- Born: 1 April 1944 (age 81) Yerevan, Soviet Union
- Citizenship: Soviet Union and Azerbaijani Republic
- Occupation: Physicist

= Kerim Allahverdiyev =

Soviet academic (born 1944)

Kerim Rehim oğlu Allahverdiyev (born April 1, 1944, Yerevan, Soviet Union) is a Doctor of Physical and Mathematical Sciences (1981), a professor, and a full member of the European Academy of Sciences.

== Life ==
Allahverdiyev was born in 1944 in the Armenian Soviet Socialist Republic, and after graduating from the Lebedev Physics Institute in Russia (now Moscow Power Engineering Institute), he began working at the Azerbaijan National Academy of Sciences in 1967. He pursued his doctoral studies from 1969 to 1972 and completed his Doctor of Sciences degree, the highest level of education in the Soviet academic system, in 1981. Allahverdiyev worked at Oxford University's Clarendon Laboratory from 1974 to 1975, and from 1991 to 1995, he served as a professor in the Physics Department at the Middle East Technical University in Ankara.
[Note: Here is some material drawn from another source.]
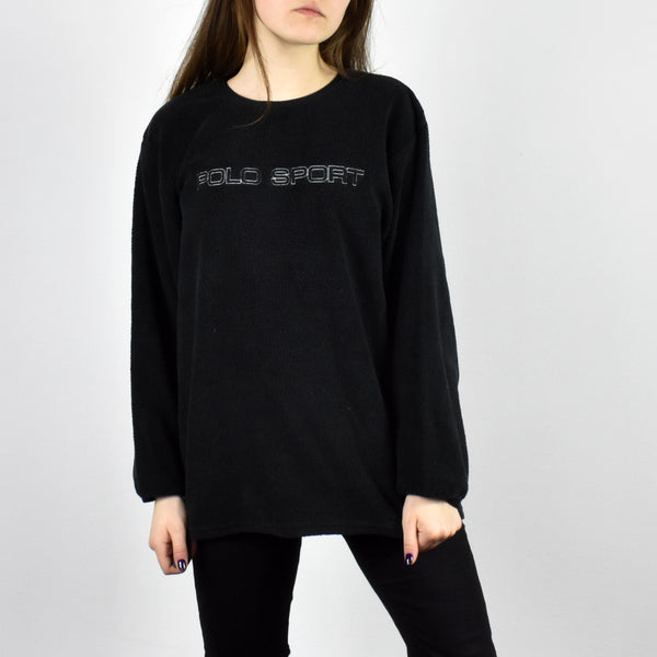 Vintage Polo Sport soft material sweatshirt jumper sweater pullover hoodie in black. Unisex. Same/Next day postage, instant buy is on! Very good condition. Features hue polo sport logo, insane piece. Size S best fitting. Model is 162cm/5ft4. Please message with any questions 👌

In 1995, he became the department head at the TUBITAK Marmara Research Center, and since 2002, he has been the chief scientific researcher at the Physics Institute of the Azerbaijan National Academy of Sciences. Throughout his academic career, he collaborated with more than 40 academic institutions, including Moscow State University, Oxford University, Sheffield University, Imperial College London, MPI FKF, Stuttgart, RWTH Aachen, Bochum, Bayreuth, Tsukuba, Cincinnati, Madrid, Colorado, and Hamburg universities, as well as the United States Air Force Wright-Patterson Laboratory.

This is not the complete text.